To address these scientific and societal challenges, we need to answer five research questions:

  1. How does bilingualism influence metacognitive processing in linguistic tasks in the visual modality?
  2. How does bilingualism influence metacognitive processing in linguistic tasks in the auditory modality?
  3. How does bilingualism influence metacognitive processing in non-linguistic tasks in the visual modality?
  4. How does bilingualism influence metacognitive processing in non-linguistic tasks in the auditory modality?
  5. What is the interaction between bilingualism per se and living in bilingual environments? Bilingualism entails having acquired two languages from birth or at an early age (under 2 years) and using both languages on a daily basis in a full range of communicative situations. Exposure to bilingual environments entails exposure to linguistic stimuli with greater variability and may lead individuals to adjust the trade-off between exploitation/exploration strategies in information processing.

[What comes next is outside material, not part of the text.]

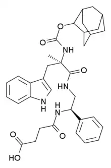 CI-988 (PD-134,308) is a drug which acts as a cholecystokinin antagonist, selective for the CCKB subtype. In animal studies it showed anxiolytic effects[1][2] and potentiated the analgesic action of both morphine[3] and endogenous opioid peptides,[4][5] as well as preventing the development of tolerance to opioids[6][7] and reducing symptoms of withdrawal.[8][9] Consequently, it was hoped that it might have clinical applications for the treatment of pain and anxiety in humans, but trial results were disappointing with only minimal therapeutic effects observed even at high doses.[10][11][12][13] The reason for the failure of CI-988 and other CCKB antagonists in humans despite their apparent promise in pre-clinical animal studies is unclear, although poor pharmacokinetic properties of the currently available drugs are a possible explanation,[14] and CCKB antagonists are still being researched for possible uses as adjuvants to boost the activity of other drugs.[15]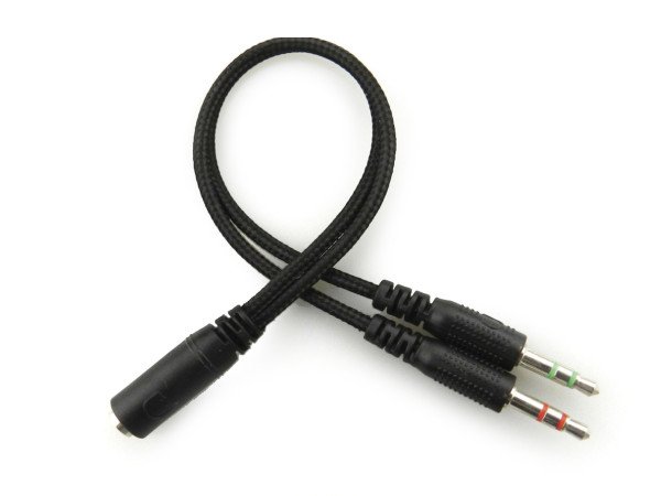 • Converter for PC: 3.5 mm female 4 pole MiniJack to 2 x 3.5 mm male 3 pole MiniJack

Cognitive and neural mechanisms for splitting continuous sensory input into discrete constituents

Although sensory input is continuous, cognitive systems operate on discrete constituents. Splitting continuous sensory input into discrete units is called segmentation. Segmentation is based on statistical learning, the process of finding statistical regularities, such as transitional probabilities (TPs), in continuous sensory input in order to structure this input into processable units. Statistical learning mechanisms operate across all modalities and domains (splitting speech into words and phrases, musical compositions into rhythmic groupings, continuous actions into isolated sequences of events). However, it is still unclear whether statistical learning results in representations of extracted constituents, or rather in a set of statistical regularities which can then be used to test the statistical coherency of newly encountered exemplars. The cognitive mechanisms for extracting, learning and exploiting conditional statistics are highly debated. Two possible classes of mechanisms, suggesting different roles of TPs in segmenting a continuous input, have been proposed: 1) clustering mechanisms and 2) boundary-finding mechanisms. Boundary-finding mechanisms are based on detecting high-entropy transitions, when one element predicts the following element with low probability. This implies identifying rarely co-occurring elements: the high-entropy transitions between these elements signal boundaries between discrete constituents. By contrast, clustering mechanisms are based on detecting high transitional probabilities between consecutive elements, i.e., detecting clusters of elements within which one element predicts the transition to next element with high probability. This mechanism is based on identifying frequently co-occurring elements and merging them together to form a new constituent. It is also important to identify neural substrates and networks that support learning statistical patterns and/or discrete units, and the recognition of extracted constituents vs. recognition of mere statistical patterns. Finally, I aim to ascertain whether the neural and cognitive mechanisms engaged in statistical learning are domain- and modality-general, and if not, which aspects are adapted specifically for more efficient speech processing in the auditory and visual modalities. This will help us explore the evolutionary roots of such mechanisms, and their role in the emergence of language faculty in humans.